— Assignment —
The pictures get dropped, while every remaining part of the listing is copied exactly.

— Task input —

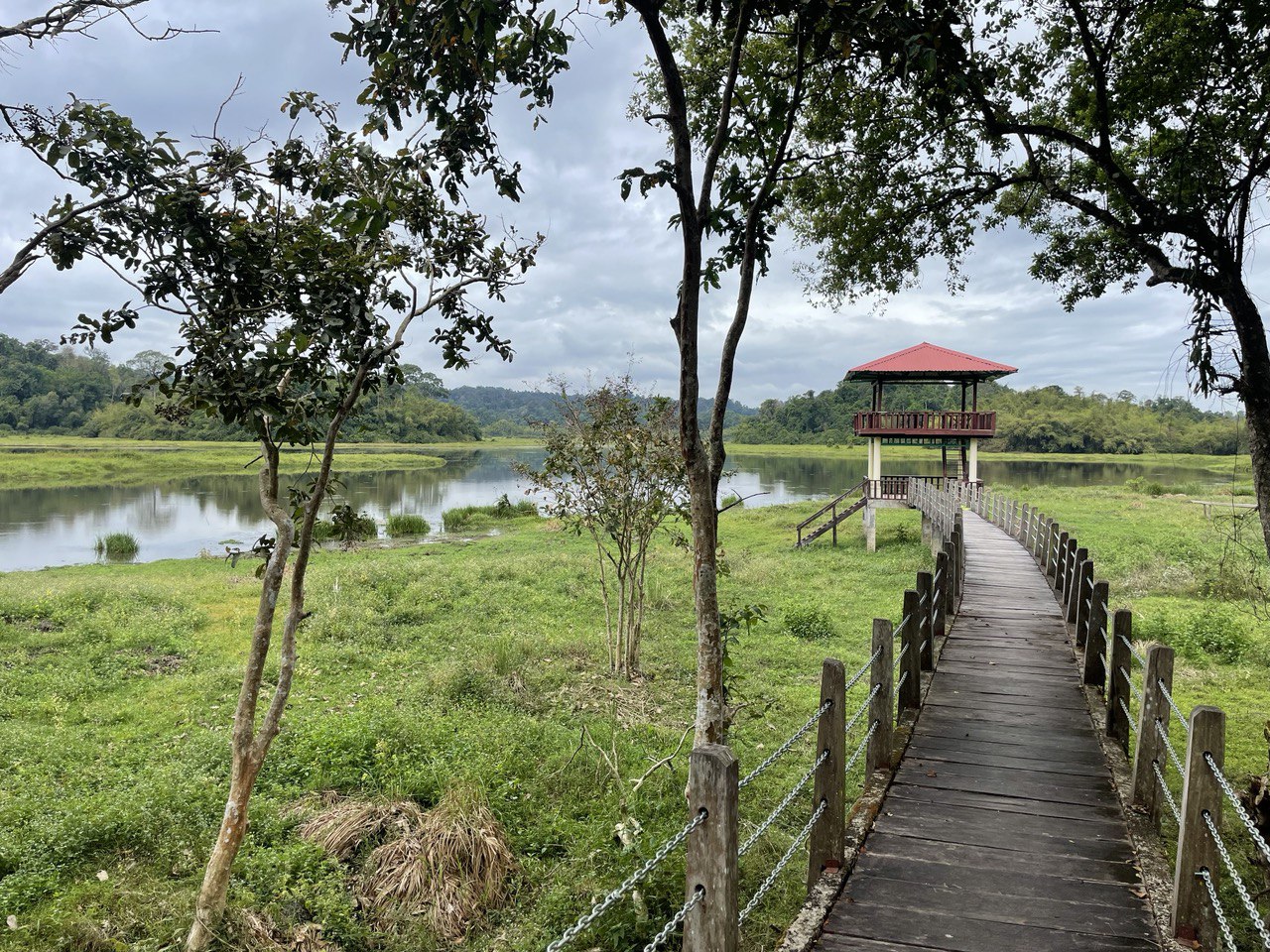 The forest was generally very damp. We stopped at another location to watch the monkeys, and when we started going again i felt a pinch on my ankle. I checked out of confusion, and saw multiple land leeches climbing up my shoes and two already on my ankle. Needless to say, I started freaking out and trying to flick them off, and then I saw more crawling along the forest floor toward me and just started running. Max was trying to run and check his own ankles too, but luckily he had longer socks on. We kept running until we made it to a boardwalk for crocodile lake which was nice and dry, where we could shake out our pants/socks/shoes of leeches and remove the last few from our legs. I had a ring of leech attack blood circles around my ankles right above my socks! I was so happy we had made it to crocodile lake.
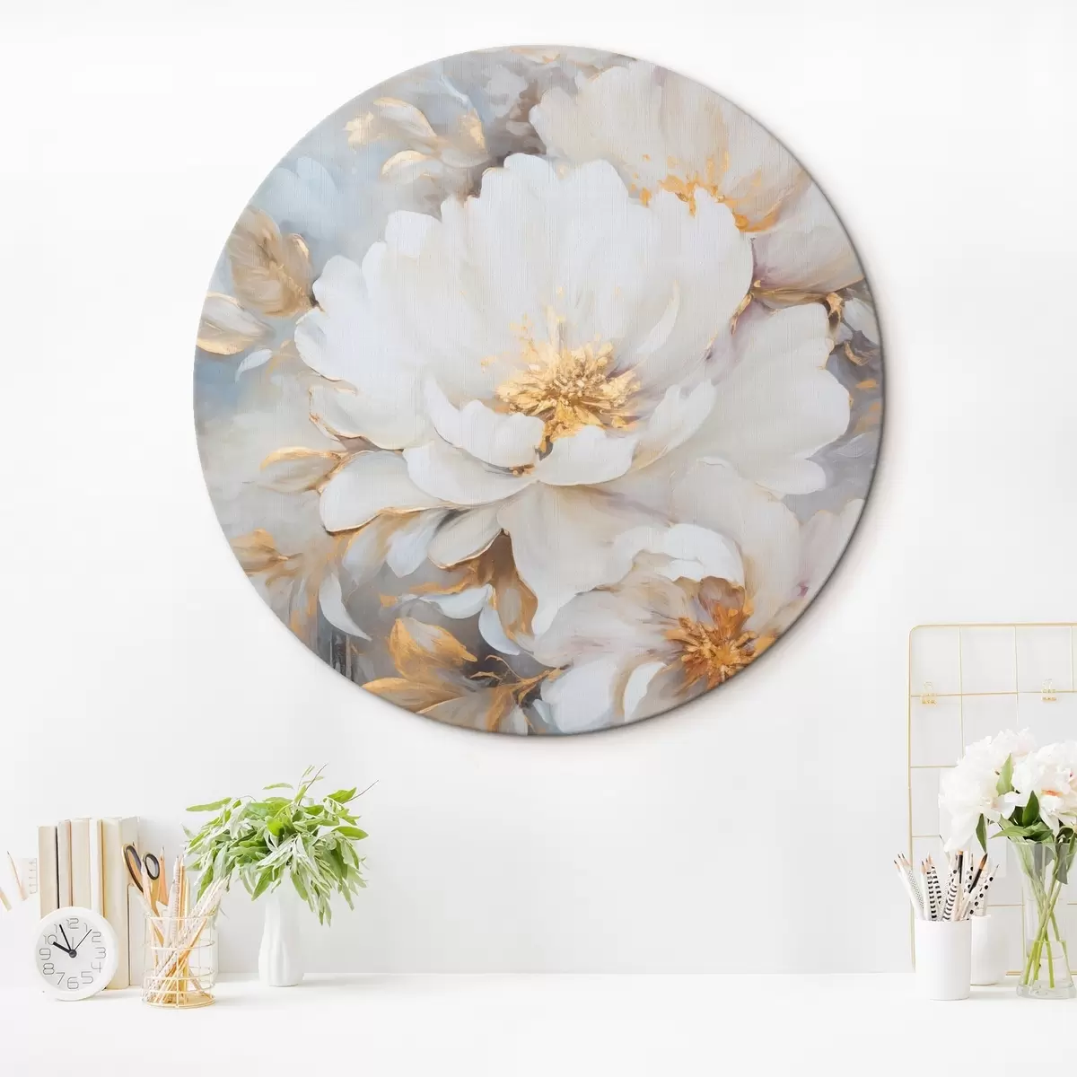 Runde Wandbilder Weiße Pfingstrosen mit blauen Blütenkernen und Blättern, sanfte Pinselstriche, hellblauer Hintergrund, Blumenarrangement r46271
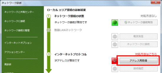 ネットワーク診断の診断結果によって、対処します。
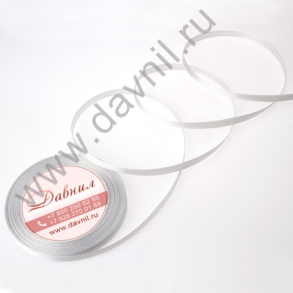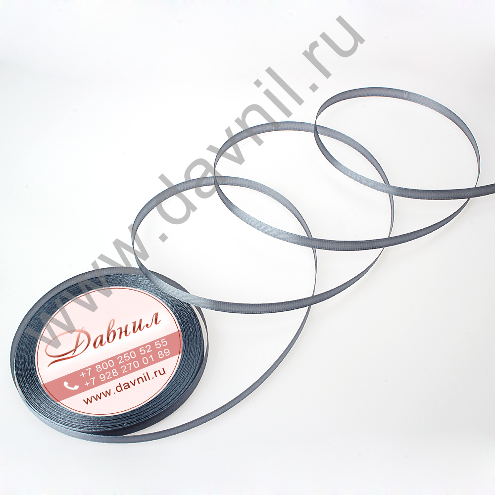 Лента атласная 0,6 см*25 ярдов серая 003
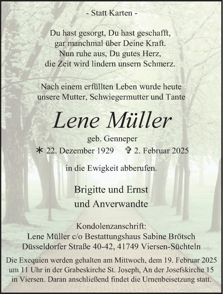 Hier finden Sie alle Traueranzeigen aus der Zeitung, die bisher für Lene Müller erschienen sind. Weitere Traueranzeigen, die in der Zeitung erscheinen, werden hier ebenfalls aufgelistet

— Worked solution —
 The forest was generally very damp. We stopped at another location to watch the monkeys, and when we started going again i felt a pinch on my ankle. I checked out of confusion, and saw multiple land leeches climbing up my shoes and two already on my ankle. Needless to say, I started freaking out and trying to flick them off, and then I saw more crawling along the forest floor toward me and just started running. Max was trying to run and check his own ankles too, but luckily he had longer socks on. We kept running until we made it to a boardwalk for crocodile lake which was nice and dry, where we could shake out our pants/socks/shoes of leeches and remove the last few from our legs. I had a ring of leech attack blood circles around my ankles right above my socks! I was so happy we had made it to crocodile lake.
 Runde Wandbilder Weiße Pfingstrosen mit blauen Blütenkernen und Blättern, sanfte Pinselstriche, hellblauer Hintergrund, Blumenarrangement r46271
 ネットワーク診断の診断結果によって、対処します。
 Лента атласная 0,6 см*25 ярдов серая 003
 Hier finden Sie alle Traueranzeigen aus der Zeitung, die bisher für Lene Müller erschienen sind. Weitere Traueranzeigen, die in der Zeitung erscheinen, werden hier ebenfalls aufgelistet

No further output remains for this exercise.